▶ _INPUT MATERIAL_
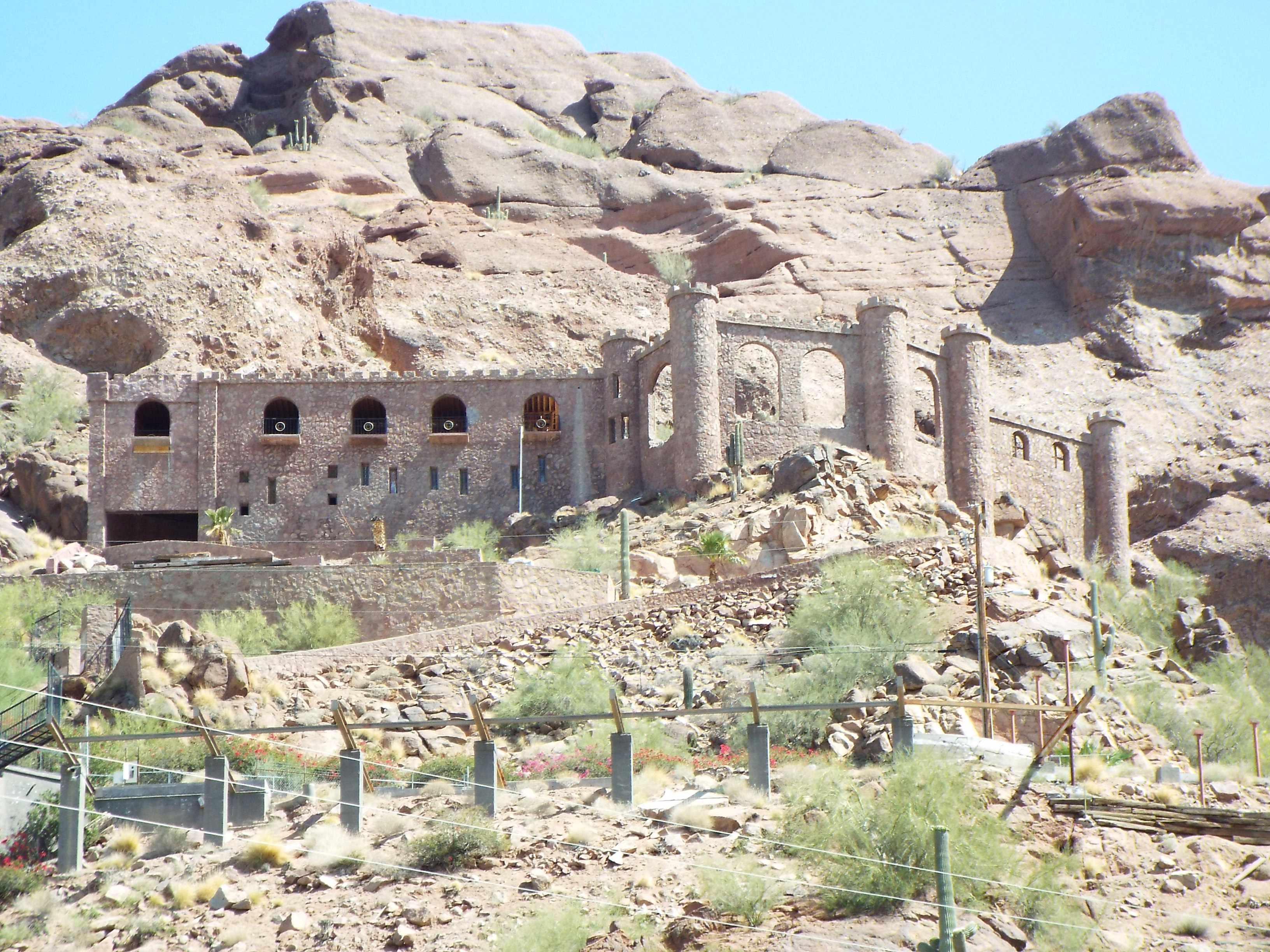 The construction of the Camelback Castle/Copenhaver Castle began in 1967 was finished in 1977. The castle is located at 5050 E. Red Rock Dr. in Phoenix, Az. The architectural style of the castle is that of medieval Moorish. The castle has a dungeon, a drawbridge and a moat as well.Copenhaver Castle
==
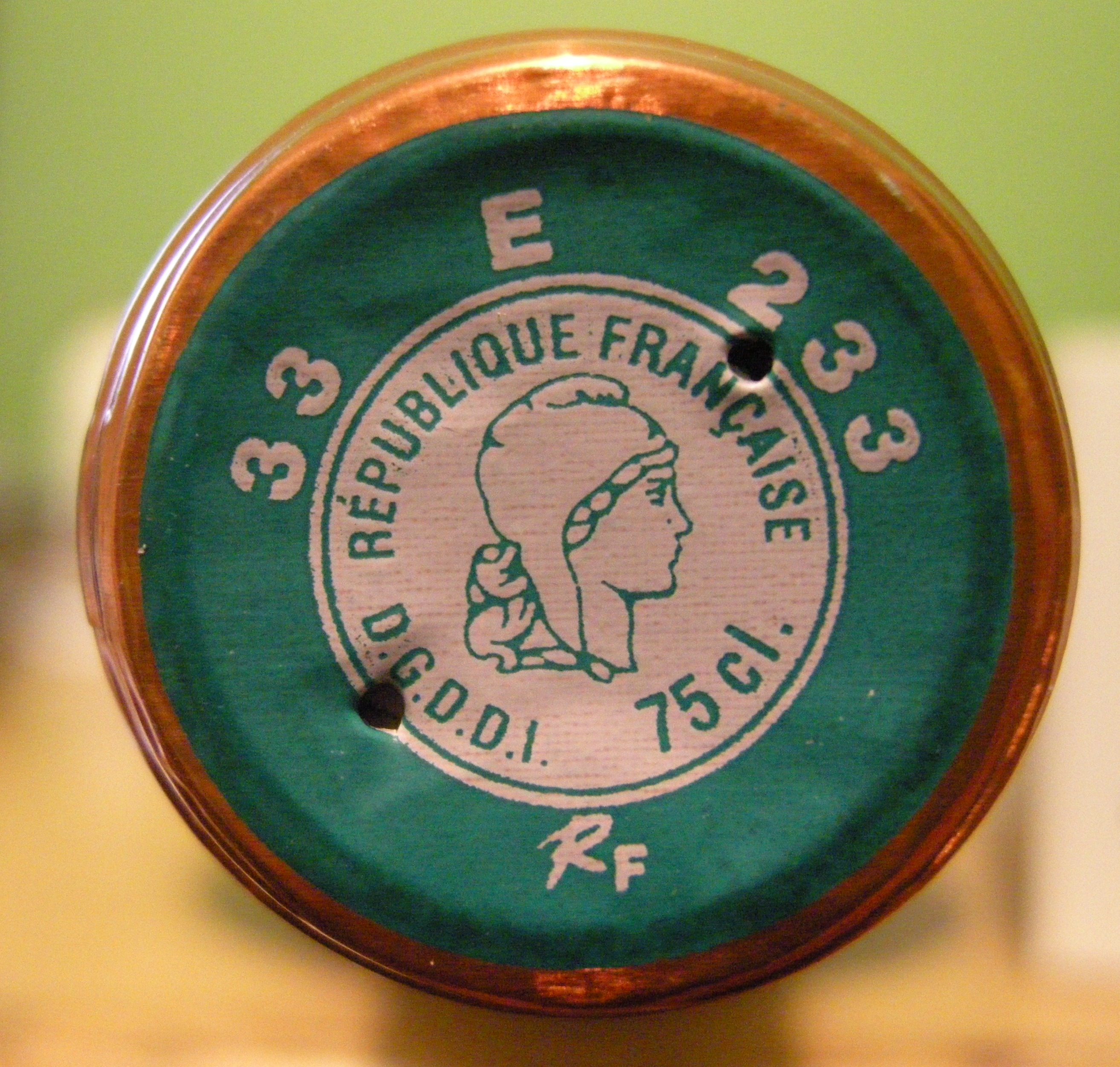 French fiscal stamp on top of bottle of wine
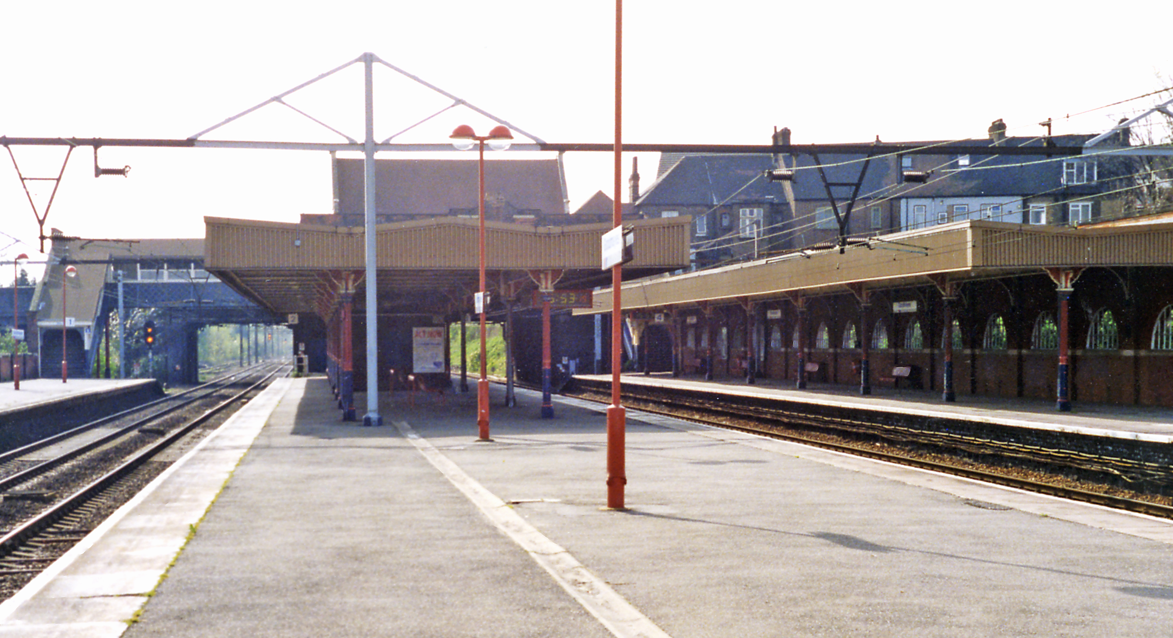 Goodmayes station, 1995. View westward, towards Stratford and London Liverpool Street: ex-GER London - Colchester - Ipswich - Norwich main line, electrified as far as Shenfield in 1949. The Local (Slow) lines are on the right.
--
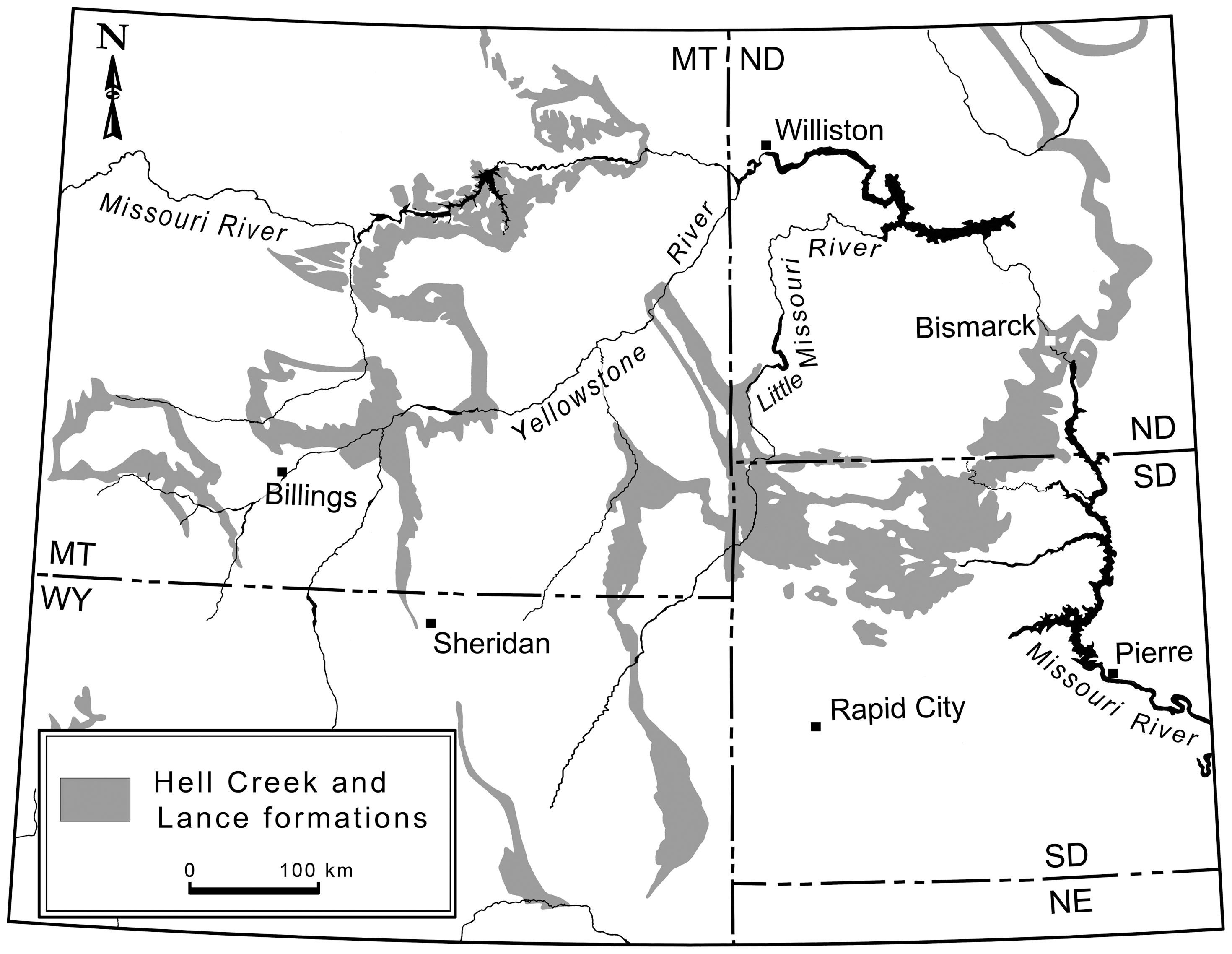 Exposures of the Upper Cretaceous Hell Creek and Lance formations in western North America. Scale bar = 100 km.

▶ _TASK GOAL_
Would you copy out, exactly and with no pictures, only the lines above from the one that contains "French fiscal stamp on top of bottle of wine" through the one that contains "Goodmayes station, 1995."?

▶ _RESULT BELOW_
 French fiscal stamp on top of bottle of wine
 Goodmayes station, 1995. View westward, towards Stratford and London Liverpool Street: ex-GER London - Colchester - Ipswich - Norwich main line, electrified as far as Shenfield in 1949. The Local (Slow) lines are on the right.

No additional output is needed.